The idea that people are more important than things is too obvious to serve as a foundation. It fails as a slogan and struggles as a principle. The modern world doesn’t so much argue with this truth as it simply bypasses it. We have built conditions where our focus shifts almost automatically toward what can be measured, compared, and accumulated. Things are convenient. We are not.
The Logic of Function
Things are easier to deal with because they are invulnerable. They do not suffer, they do not die, and they require no empathy. They are replaceable. Gradually, this “logic of objects” becomes our logic for treating one another—especially within large systems where we are reduced to functions, resources, or metrics.
The substitution happens quietly. Things begin to serve as the scaffolding for our self-worth. Through them, we try to validate our right to exist: to be useful, successful, relevant, and compliant.
At this point, we stop owning our assets and start serving them. Health becomes raw material for work. Relationships become the price of stability. Life becomes an investment in an idea, a structure, or a future that is always just out of reach.
The Symmetry of Devaluation
A crucial point: the devaluation of others almost never exists apart from the devaluation of oneself. It is a symmetrical process. You cannot treat a human being as a disposable resource and still maintain genuine self-respect—even if, on the surface, everything seems under control. If value is defined by utility, it is always conditional. Today you are needed; tomorrow you are not.

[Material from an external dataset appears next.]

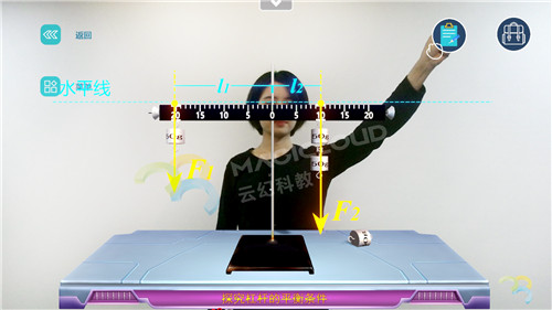 如探究杠桿的平衡條件課程中,常規教學中,力的方向是不可見的,杠桿的平衡與否僅是靠肉眼的觀察,對于實驗的分析記錄或會存在誤差。AR實驗中,學生們可以通過AR添加輔助線、力的方向標識等清楚、正確操作實驗內容,觀察并記錄正確的實驗數據,習得杠桿平衡的條件及公式。

In this sense, pleas to “value human life” often feel powerless. We regularly surrender the value of our own lives—not always by choice, but often under the pressure of systems, circumstances, or fear. This isn’t a question of morality; it’s a question of inner grounding. Until we recognize our own life as an unconditional value, we remain incapable of seeing that same value in others.
A Life Non-Negotiable
The way out is neither collective nor ideological. It doesn’t lie in the right words or shared goals. It is only possible as an individual reassessment: the recognition of one’s own life as non-negotiable, non-servant, and non-auxiliary.
Only from this vantage point does a different relationship with our neighbor become possible—not as a tool, not as a backdrop for our own survival, and not as a competitor in a world of scarcity. Then, the very logic of our goals shifts: not “let everyone suffer but me,” and not “I shall suffer for the sake of a higher meaning,” but a search for forms of living where suffering is no longer a requirement for belonging.
This is not a utopia or a prescription. It is a reminder: if we once again become more important than what we produce, own, or represent, things automatically find their rightful place. Useful. Secondary. Subservient.